Here is muffinPrime. ()

Code:

#include <string.h>
#include <windows.h>
#include <math.h>
#include <time.h>

typedef struct range {
    int start;
    int stop;
} MYDATA, *PMYDATA;

int is_prime(int number) {
	int i = 2;

	for (i = 2; i <= sqrt(number); i++) {
		if (number &#37; i == 0) {
			return 0;
		}
	}

	return 1;
}

void WINAPI test(LPVOID lpParam) { //The benchmark itself
	PMYDATA pDataArray;
	int start, stop, primes;

	pDataArray = (PMYDATA)lpParam;
	start = pDataArray->start;
	stop = pDataArray->stop;
	primes = 0;

	while (primes <= stop) {
		if (is_prime(start) == 1) {
			primes++; //If the number is prime, add 1 to primes found
		}

		start += 2;
	}
}

int main() {
	HANDLE hThread[16]; //For a maximum of 16 processors
	PMYDATA pDataArray[16];
	SYSTEM_INFO system_info;

	int i, start, max, stop, start_time, end_time, threads, size;
	char* buffer;

	GetNativeSystemInfo(&system_info);
	threads = system_info.dwNumberOfProcessors; //Get number of processors
	i = 0;
	start = 1;
	max = 1000000;
	stop = max/threads;
	start_time = time(NULL);

	size = strlen("Calculating prime numbers on threads!\n") + 10;
	buffer = malloc(size);
	sprintf(buffer, "Calculating %d prime numbers on %d threads!\n", max, system_info.dwNumberOfProcessors);
	MessageBox(NULL, buffer, "Starting benchmark!", MB_OK);

	for (i = 0; i < threads; i++) {
		pDataArray[i] = (PMYDATA)HeapAlloc(GetProcessHeap(), HEAP_ZERO_MEMORY, sizeof(MYDATA));

		pDataArray[i]->start = start;
		pDataArray[i]->stop = stop;

		hThread[i] = CreateThread(NULL, 0, (LPTHREAD_START_ROUTINE)test, pDataArray[i], 0, NULL);
		start += max/threads;
		stop += max/threads;
	}

	WaitForMultipleObjects(threads, hThread, TRUE, INFINITE);

	for (i = 0; i < threads; i++) {
		CloseHandle(hThread[i]);
		HeapFree(GetProcessHeap(), 0, pDataArray[i]);
        pDataArray[i] = NULL;
	}

	end_time = time(NULL);

	size = strlen("It took seconds to calculate prime numbers on threads.\n") + 16;
	buffer = malloc(size);
	sprintf(buffer, "It took %d seconds to calculate %d prime numbers on %d threads.\n", end_time-start_time, max, threads);
	MessageBox(NULL, buffer, "Finished benchmark!", MB_OK);

	return 1;
}

[Alpha]

int is_prime(int number) {
int i = 2;

for (i = 2; i <= sqrt(number); i++) {
if (number % i == 0) {
return 0;
}
}

return 1;
}

try this instead.

Code:

int is_prime(int number) {
	int i = 3;

	for (i = 3; i <= sqrt(number); i+=2) {
		if (number % i == 0) {
			return 0;
		}
	}

	return 1;
}

then, only send it in odd numbers, as all numbers are prime, and no even numbers are ever prime. cuts your time in half.

[Metric]

What about using a sieve (Eratosthenes or Atkin)?
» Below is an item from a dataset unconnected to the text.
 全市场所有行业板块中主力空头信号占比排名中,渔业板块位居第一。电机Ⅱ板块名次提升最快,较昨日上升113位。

This cuts down on time tremendously if the algorithm is multi-threaded correctly and it stresses ram somewhat as well. If your interested, I can post a pseudo-code layout of how it works. The threaded Eratosthenes algorithm I've been working on has a time of 0.9 seconds for 32M on my Q6600 @ 3.6GHz.

[Alpha]

oh, i already got my seive code working....
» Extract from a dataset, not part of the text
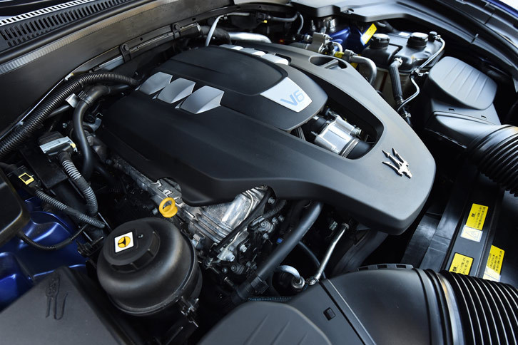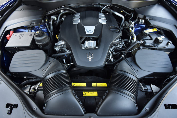 11/42「レヴァンテ」に搭載される3リッターV6ツインターボエンジン。350ps/5750rpmの最高出力と、51.0kgm/4500rpmの最大トルクを発生する。

but im not letting him have at that. a 2^31 -1 run uses about 256mb of ram and i can find all the primes upto that point in about 30 seconds on my T7500 with 2 threads.
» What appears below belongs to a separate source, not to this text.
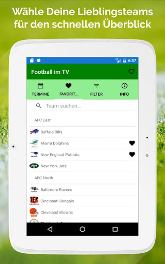 - search. You want to see only the games of a particular day? Or quickly search for a particular team? No problem with the search.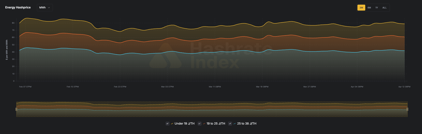 - Under 19 J/TH fleets — $79 per MWh

its soooo much faster than the brute force method

oh, i just checked my 32m time - .329 seconds

[begrip]

hmm nice

[MuffinFlavored]

oh, i already got my seive code working....

but im not letting him have at that. a 2^31 -1 run uses about 256mb of ram and i can find all the primes upto that point in about 30 seconds on my T7500 with 2 threads.

its soooo much faster than the brute force method

oh, i just checked my 32m time - .329 seconds

Nice, my code is quite slow.

I need to find a way that once the first thread is done (which is sooner than all the other threads), to create another thread and do more work.